HR Conversations Multi-Label Classifier
A fine-tuned DistilBERT-base-uncased (66M parameters) for multi-label classification of HR support conversations.
Model Details
| Attribute | Value |
|---|---|
| Base Model | distilbert/distilbert-base-uncased |
| Task | Multi-label text classification |
| Labels | 20 HR topics |
| Training Data | 100 synthetic HR conversations |
| Framework | Hugging Face Transformers |
20 HR Topic Labels
- Benefits
- Career Development
- Compliance & Legal
- Contracts
- Diversity, Equity & Inclusion
- Expense Management
- Harassment
- Health
- IT & Equipment
- Leave & Absence
- Mobility
- Offboarding
- Onboarding
- Payroll
- Performance Management
- Recruitment
- Safety
- Timetracking
- Training
- Work Arrangements
Usage
from transformers import AutoTokenizer, AutoModelForSequenceClassification
import torch
model_id = "AurelPx/hr-conversations-classifier"
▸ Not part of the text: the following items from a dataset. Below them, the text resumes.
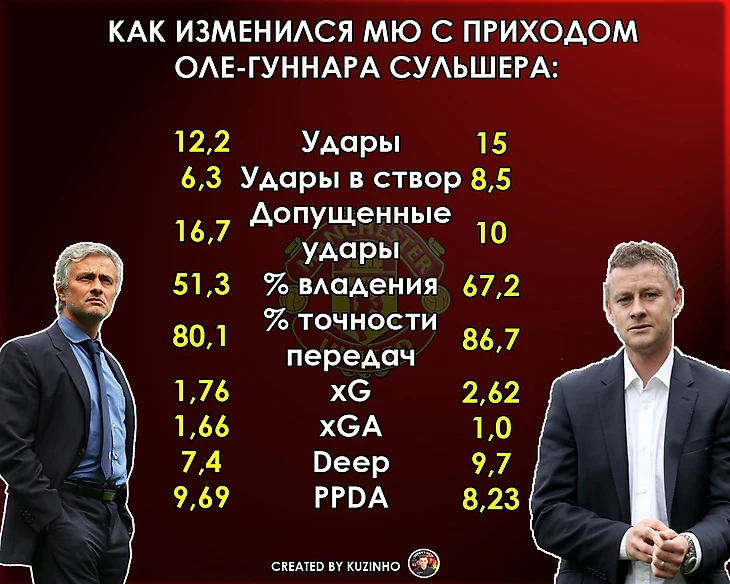 Манчестер Юнайтед прямо сейчас играет с Редингом в рамках 1/32 финала Кубка Англии и практически гарантировано окажется в следующем раунде. Сейчас Дьяволы в таком состоянии, что какой бы состав Сульшер не выставил на это противостояние (а он далек от основного) – сопернику все равно не поздоровится. Вашему вниманию показательные цифры, как изменился МЮ под руководством Оле Гуннара.
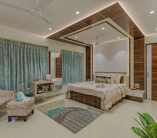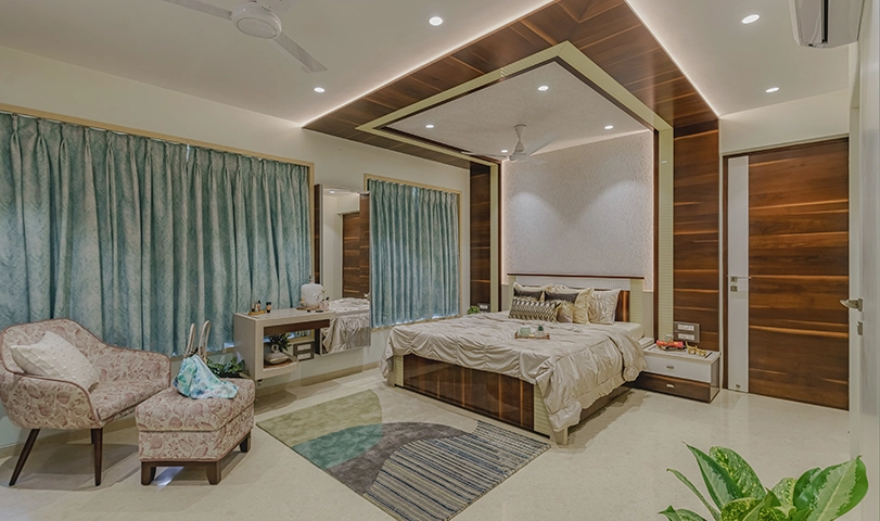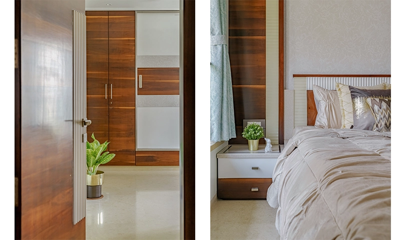 Clean and simple, with ample storage, the home is finished in an exotic jungle veneer which has dense and rich veins. This becomes the dominant highlight of the design, toned down by mild and warm color tones on walls. Natural tones and a clever blend of warm and cool shades, sprinkled with pops of color, make up the palette of the entire home.
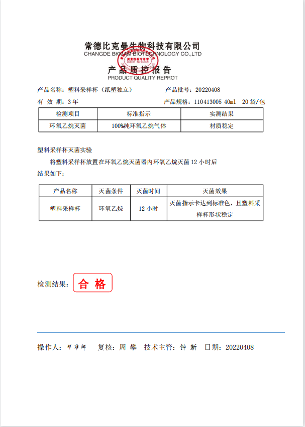 采样杯 (纸塑独立) 40ml 1个袋 20袋包 110413005 20220408
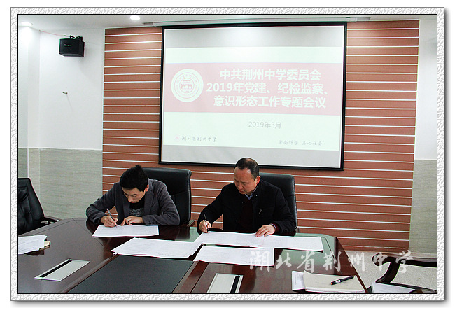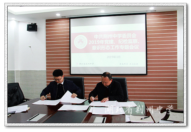 会上,朱胜祥代表学校党委和各支部书记签订了2019年度意识形态责任书和党风廉政建设责任书。
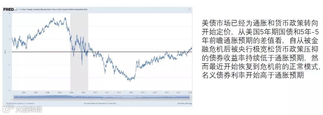 ✪ 美债市场已经为通胀和货币政策转向开始定价,债券收益率最近开始恢复到金融危机前的正常模式,名义债券利率开始高于通胀预期。
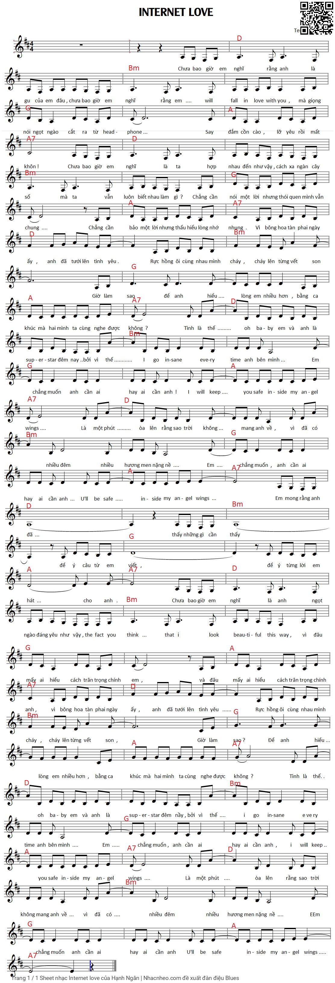 Chọn nút dấu + để tăng tông lên nửa cung, nút dấu - để giảm tông xuống nửa cung. Rê chuột vào hợp âm để xem các thế bấm hợp âm của bài hát Internet love.
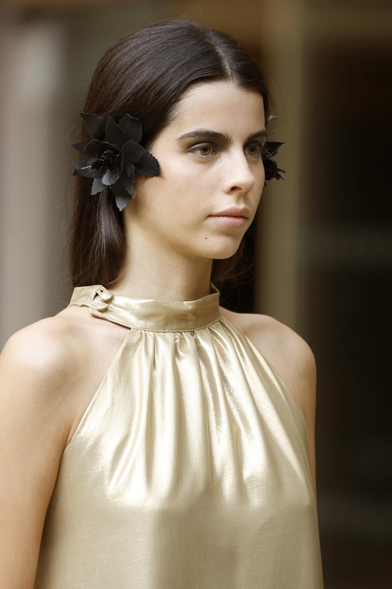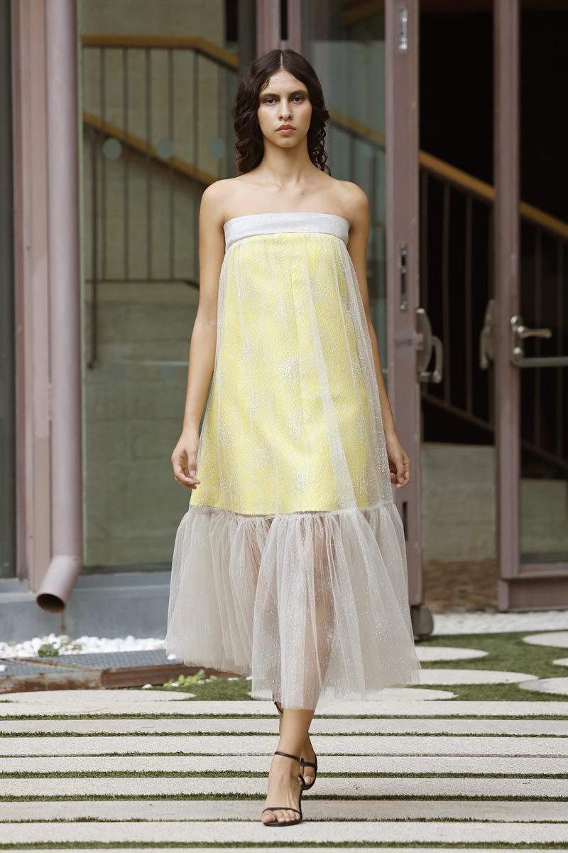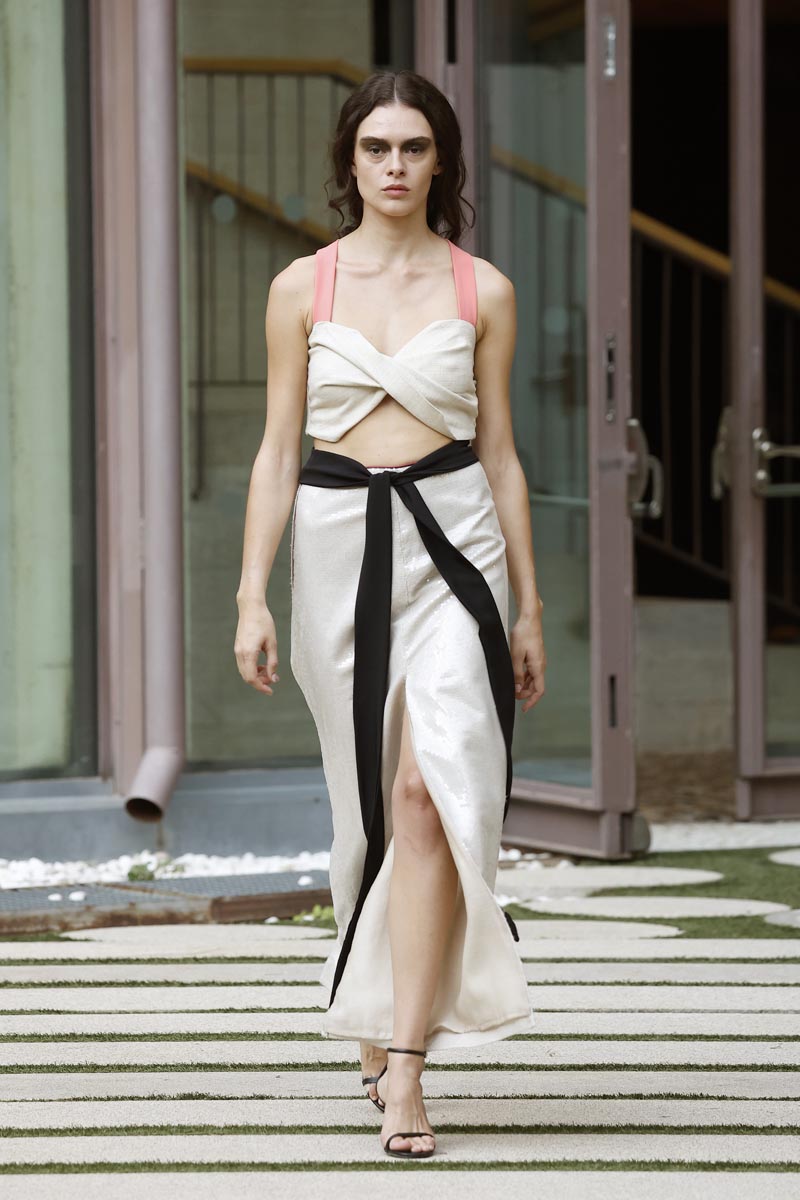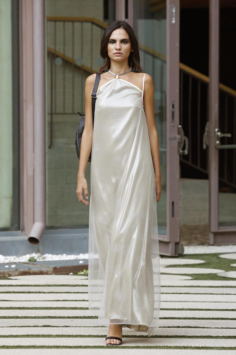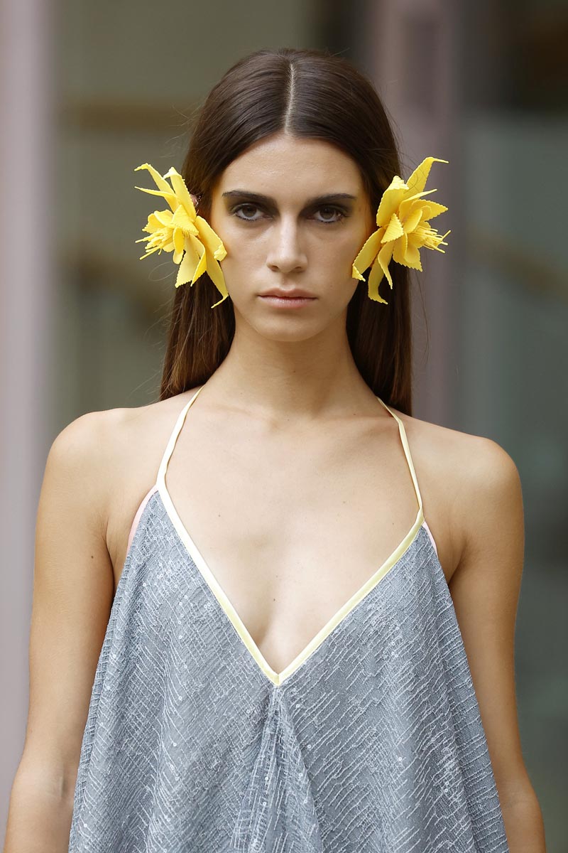 The fashion creator presents a collection with controlled volumes, fitted lines and fluid skirts where the color palette, bright yellow, green tones and metallic nuances, reflect the chromatic diversity of the riverbed’s protected natural landscape. Combined fabrics, from methacrylate to tweed, linen and airy gauze, give a fresh and renewed vision while maintaining the fashion brand’s essence.

tokenizer = AutoTokenizer.from_pretrained(model_id)
model = AutoModelForSequenceClassification.from_pretrained(model_id)
LABELS = [
"Benefits", "Career Development", "Compliance & Legal", "Contracts",
"Diversity, Equity & Inclusion", "Expense Management", "Harassment", "Health",
"IT & Equipment", "Leave & Absence", "Mobility", "Offboarding",
"Onboarding", "Payroll", "Performance Management", "Recruitment",
"Safety", "Timetracking", "Training", "Work Arrangements"
]
def classify(text, threshold=0.3):
inputs = tokenizer(text, return_tensors="pt", truncation=True, max_length=512)
with torch.no_grad():
logits = model(**inputs).logits
probs = torch.sigmoid(logits).numpy()[0]
return [LABELS[i] for i, p in enumerate(probs) if p >= threshold]
# Example
conversation = "USER: I haven't received my payslip for March yet..."
print(classify(conversation)) # ['Payroll']
Training Notes
- Dataset size: 100 conversations (small dataset)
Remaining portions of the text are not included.